RN, Bsc, Msc, General Hospital of Pyrgos Ilia, Greece
Background: The Clinical Nurse Leader (CNL) is the first new role in nursing since the nurse practitioner was introduced over many years ago. The CNL evolved after the American Association of Colleges of Nursing (AACN) convened a task force to identify ways to improve quality of patient care and determine how to prepare nurses with the skills and competencies needed to thrive in the current and future healthcare system. The original task force on education developed models for nursing education and regulation. A second task force was established, and from that work, a new role emerged-the Clinical Nurse Leader (CNL). Aim: The aim of the present study was review the literature about the role of Clinical Nurse Leader. Method and Material: Method was used is to search in databases (PUBMED, SCOPUS) to identify articles related to the role of clinical nurse leader. The search took place in February 2011 for scientific papers until February 2011. The keywords used in combination were: clinical, nurse, leader, leadership. Results: The Clinical Nurse Leader role was developed in response to concerns about the quality and safety of nursing care in the complex, technologically advanced, ever-changing healthcare system. The CNL could be a clinician, an advanced generalist, an outcomes manager, an interdisciplinary care team manager, a patient advocate, an educator, an information manager, a member of the profession and a lifelong learner. Conclusions: The Clinical Nurse Leader role emerged following several years of research and discussion with stakeholders as a way to engage highly skilled clinicians in outcomes-based practice and quality improvement strategies. The CNL is an advanced generalist clinician with education at the master's degree level. The Clinical Nurse Leader is an emerging nursing role developed by the American Association of Colleges of Nursing (AACN) in collaboration with an array of leaders from the practice environment. Two AACN task forces were convened to identify a) how to improve the quality of patient care and b) how to best prepare nurses with the competencies needed to thrive in the current and future health care system.
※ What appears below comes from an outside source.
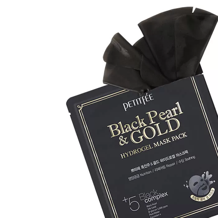 Гидрогелевая маска для лица с черным жемчугом и золотом Petitfee Black Pearl & Gold Hydrogel Mask Pack, 1 уп (5 шт)

Clinical, nurse, leader, leadership.
Twenty-first century realities affecting healthcare are dramatically and radically changing the landscape for nursing practice . Much of the intensive and comprehensive professional and role development for the entire field of nursing grew out of the focused action of nursing leaders during the 20th century . A clinical nurse is certainly one involved in clinical practice with knowledge, experience and understanding of providing nursing care. Leadership implies authority in the broadest sense of the word, is nonhierarchical and not confined to a specific set of skills, attributes or traits. One can deduce, then, that clinical nursing leadership reflects all of the complexity of the culture, the organization, the practice setting and situational variables of each clinical nurse leader .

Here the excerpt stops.